Magic angle spinning NMR investigation of influenza A M2(18-60): support for an allosteric mechanism of inhibition

Abstract

The tetrameric M2 proton channel from influenza A virus conducts protons at low pH and is inhibited by aminoadamantyl drugs such as amantadine and rimantadine (Rmt). We report magic angle spinning NMR spectra of POPC and DPhPC membrane-embedded M2(18-60), both apo and in the presence of Rmt. Similar line widths in the spectra of apo and bound M2 indicate that Rmt does not have a significant impact on the dynamics or conformational heterogeneity of this construct. Substantial chemical shift changes for many residues in the transmembrane region support an allosteric mechanism of inhibition. An Rmt titration supports a binding stoichiometry of >1 Rmt molecule per channel and shows that nonspecific binding or changes in membrane composition are unlikely sources of the chemical shift changes. In addition, doubling of spectral lines in all of the observed samples provides evidence that the channel assembles with twofold symmetry.

Figure 1

(top) ¹⁵N-¹³C zf-TEDOR spectra (τ_mix= 1.3 ms) showing assignments of ¹³C,¹⁵N[¹²C,¹⁴N-ILFY]M2_18-60 in the drug bound (blue) and unbound (red) states. Unless otherwise indicated, cross peaks arise from 1-bond N-Cα magnetization transfer. (bottom) ¹³C-¹³C PDSD spectra (τ_mix= 50 ms) showing Asp and Gly cross-peaks of these samples.
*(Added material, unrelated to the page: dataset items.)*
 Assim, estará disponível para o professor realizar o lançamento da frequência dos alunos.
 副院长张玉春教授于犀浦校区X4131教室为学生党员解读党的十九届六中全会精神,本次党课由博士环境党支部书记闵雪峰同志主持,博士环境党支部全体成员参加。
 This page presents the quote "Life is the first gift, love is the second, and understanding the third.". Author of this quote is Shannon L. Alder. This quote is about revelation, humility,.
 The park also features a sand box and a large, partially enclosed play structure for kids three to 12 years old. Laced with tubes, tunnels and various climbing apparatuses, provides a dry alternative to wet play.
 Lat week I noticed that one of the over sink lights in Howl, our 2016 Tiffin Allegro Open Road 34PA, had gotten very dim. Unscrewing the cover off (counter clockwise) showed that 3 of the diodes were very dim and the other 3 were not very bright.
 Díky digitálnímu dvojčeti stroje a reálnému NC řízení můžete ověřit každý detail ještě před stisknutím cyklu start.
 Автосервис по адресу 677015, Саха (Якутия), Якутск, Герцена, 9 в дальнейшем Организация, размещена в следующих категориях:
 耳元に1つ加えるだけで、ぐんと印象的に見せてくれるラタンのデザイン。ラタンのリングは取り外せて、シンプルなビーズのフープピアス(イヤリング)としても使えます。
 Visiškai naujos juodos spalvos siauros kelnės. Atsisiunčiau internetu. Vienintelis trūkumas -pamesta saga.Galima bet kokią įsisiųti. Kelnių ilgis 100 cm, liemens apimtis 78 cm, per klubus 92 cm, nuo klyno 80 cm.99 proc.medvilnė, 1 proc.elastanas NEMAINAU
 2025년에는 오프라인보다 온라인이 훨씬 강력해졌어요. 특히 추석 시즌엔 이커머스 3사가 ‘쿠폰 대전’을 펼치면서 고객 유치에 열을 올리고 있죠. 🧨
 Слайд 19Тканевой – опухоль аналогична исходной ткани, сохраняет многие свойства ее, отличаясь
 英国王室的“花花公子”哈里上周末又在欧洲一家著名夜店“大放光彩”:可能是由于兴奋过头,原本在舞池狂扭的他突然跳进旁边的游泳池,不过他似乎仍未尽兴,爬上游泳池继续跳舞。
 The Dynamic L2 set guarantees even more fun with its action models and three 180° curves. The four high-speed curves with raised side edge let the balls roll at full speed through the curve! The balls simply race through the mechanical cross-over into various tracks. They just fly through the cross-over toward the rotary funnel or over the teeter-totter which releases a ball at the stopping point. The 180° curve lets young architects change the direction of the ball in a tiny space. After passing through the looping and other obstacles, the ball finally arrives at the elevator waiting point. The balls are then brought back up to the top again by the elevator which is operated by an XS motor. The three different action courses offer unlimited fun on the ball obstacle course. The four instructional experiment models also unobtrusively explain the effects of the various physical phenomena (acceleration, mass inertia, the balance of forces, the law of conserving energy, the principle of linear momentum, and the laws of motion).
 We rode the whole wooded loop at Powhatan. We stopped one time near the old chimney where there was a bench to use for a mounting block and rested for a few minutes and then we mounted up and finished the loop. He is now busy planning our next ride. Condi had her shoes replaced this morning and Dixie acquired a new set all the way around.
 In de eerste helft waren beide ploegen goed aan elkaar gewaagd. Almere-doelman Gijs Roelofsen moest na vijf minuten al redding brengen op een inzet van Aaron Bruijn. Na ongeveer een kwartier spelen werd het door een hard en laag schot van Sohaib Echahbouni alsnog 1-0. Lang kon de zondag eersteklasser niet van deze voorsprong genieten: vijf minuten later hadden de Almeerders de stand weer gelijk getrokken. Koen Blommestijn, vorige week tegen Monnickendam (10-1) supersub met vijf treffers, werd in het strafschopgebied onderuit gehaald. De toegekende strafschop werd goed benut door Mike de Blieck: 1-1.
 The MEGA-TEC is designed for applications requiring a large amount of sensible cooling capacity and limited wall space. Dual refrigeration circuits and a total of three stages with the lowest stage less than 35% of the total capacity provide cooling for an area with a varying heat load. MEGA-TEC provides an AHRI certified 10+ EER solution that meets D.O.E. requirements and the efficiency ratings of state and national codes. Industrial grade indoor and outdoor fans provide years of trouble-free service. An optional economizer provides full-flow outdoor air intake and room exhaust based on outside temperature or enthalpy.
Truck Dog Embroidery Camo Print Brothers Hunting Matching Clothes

Sizable chemical shift changes are observed in the N and or Cα sites for residues 25, 27, 28, 31, 34, 35, 37, and 41. Many peaks are doubled (see supplemental Figure S1 for expansion), notably P25 and A29, supporting the existence of a twofold symmetric tetramer. Spectra were recorded ~0 °C, just above the phase transition of pure POPC lipids. Labels such as D44 are shown in italics to indicate less certainty in assignments (see Supplemental Information).

Figure 2

Chemical shift perturbations (Δδ = δ_bound−δ_apo) are distributed across the channel and support an allosteric effect upon drug binding. (left) Chemical shift perturbations as a function of residue number. (right) A comparison of the Rmt drug size with the transmembrane tetramer assembly from the solution structure. Blue residues indicate a shift of >2 ppm in N and or >1 ppm in Cα/Cβ. One of the four helices has been removed for clarity.

Figure 3

TEDOR spectra acquired at 0, 1, and 4 Rmt molecules per channel in a, b, and c, result in cross peaks due to M2 bound to Rmt and present at ~0%, 25% and >90%, respectively. The apo spectrum is simultaneously observed at 100%, 75% and <10% of total site-specific signal intensity. Unless otherwise indicated, cross peaks arise from 1-bond N-Cα magnetization transfer. Resonances that clearly show the titration are displayed in red (unbound form) and blue (Rmt bound resonances). Dashed lines at G34 and other resonances serve as a guide. Signal to noise is ~10 for strong signals. M2 samples used in the titration were embedded in DPhPC lipids and show nearly identical spectra as those recorded in POPC lipids (see Figure 4).

Figure 4

¹³C-¹³C PDSD spectra (τ_mix= 15 ms) of POPC embedded (red) and DPhPC embedded (black) M2 show nearly identical spectra with maximum chemical shift differences of 0.3 ppm. With 15 ms mixing, mostly 1-bond correlations are observed.